A number of readers (and some good friends in the chess
world) gleefully sent us a solution with the white king
on f6 and the black king on h8. Doesn't work, as Bryan Lamb,
a chessmaster from Canada, shows in his analysis:
First of all we know that with only two bishops, there
is only one option available for the black king to be
mated, that it has to be placed in one of the four corners.
Let us take each in turn:
- Black king on a1: the only mating move from a white
king is Kc3-c2, which does not work because the black
queen guards c2.
- Black king on a8: The only mating move possible here
is Kc6-b6, which does not work because the black queen
guards b6.
- Black king on h8: the only move possible here is Kf6-g6.

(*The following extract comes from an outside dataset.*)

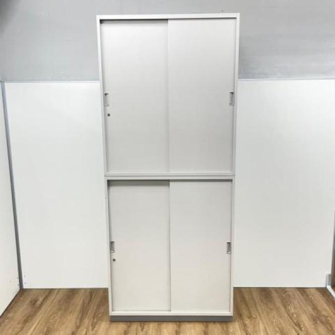 【幅800㎜】【3枚引き違い扉なので開閉スペースがいりません!省スペース化に貢献!】■イトーキ(ITOKI)製 シンライン(THIN LINE)シリーズ 上下引き違い書庫セット 3枚扉 ハイキャビネット ■ニューグレー ■シリンダー錠

This is more promising because it is a legal move but
it is not mate in 1 because the black queen blocks on
f6.
- Black king on h1 (the only solution possible). Since
the white king’s correct final position happens
to be f2 it is clear that the White king must have started
on f3. [If it was on g3, e3, e2, e1 or f1 the black
king would have been in illegal check]. Thus, on the
move prior to the starting position White’s king
is on f3. Black plays Qf2+ for reasons we do not understand
and white then plays Kxf2 #. This problem may be difficult
to see psychologically because of the placing of the
white king on a square right near the black queen.
So this is the required position, and
White plays 1.Kxf2#
December 26, 2007 – Serial moves to selfsacrifice
E. Bartel and A.H. Kniest, 1965
Series helpmate in four – a: diagram; b: bKg1–>h1
(Black moves four times in a row and then White plays one
move to mate him)
Noam D. Elkies and others drew our attention to the fact
that this problem has a "twin", with the black
king at h1 instead of g1. So Black moves four times in a
row and then White plays one move to mate him. In one case
the black king is on g1, as in the diagram above, in the
twin problem the black king is on h1. The solutions are
quite different.
Bryan Lamb wrote:
We can logically deduce from the pieces present on the
board that in both problems the final position must have
the black king on h1, and the rook delivering mate on
either the rank or the file.
In the diagram position it is the file. This means the
pawn on g2 stays put and the h2 pawn promotes and acts
as a blocking piece on g1. The promoted black piece can
only be a rook (it is the only piece which is not capable
of blocking a check on the h file from g1). So we get
the solution 1.h1R 2.Kh2 3.Rg1 4.Kh1 then
Rh4#.
In the twin position (with the black king on h1) the
mate is on the rank. This time the h2 pawn is a block,
and the g2 pawn promotes and returns to g2 to act as a
blocking piece. This piece can only be a knight, as any
other piece will block on g1 or capture on f1. So the
solution is 1.g1N 2.Nf3 3.Nh4 4.Ng2 then
Rf1#.
The comment that this solution depends on the specific
positions of the king and rook means that there is no
other way to bring the knight from g1 to g2 without it
either checking the king on c2 (via e1) or moving through
the rook’s square (such as e2/h3/f4).
J.M. Rice, 1970
Series helpmate in eight
Black moves eight times in a row and then White plays one
move to mate him.
Bryan Lamb's train of thought:
We need the white rook to checkmate along the first rank.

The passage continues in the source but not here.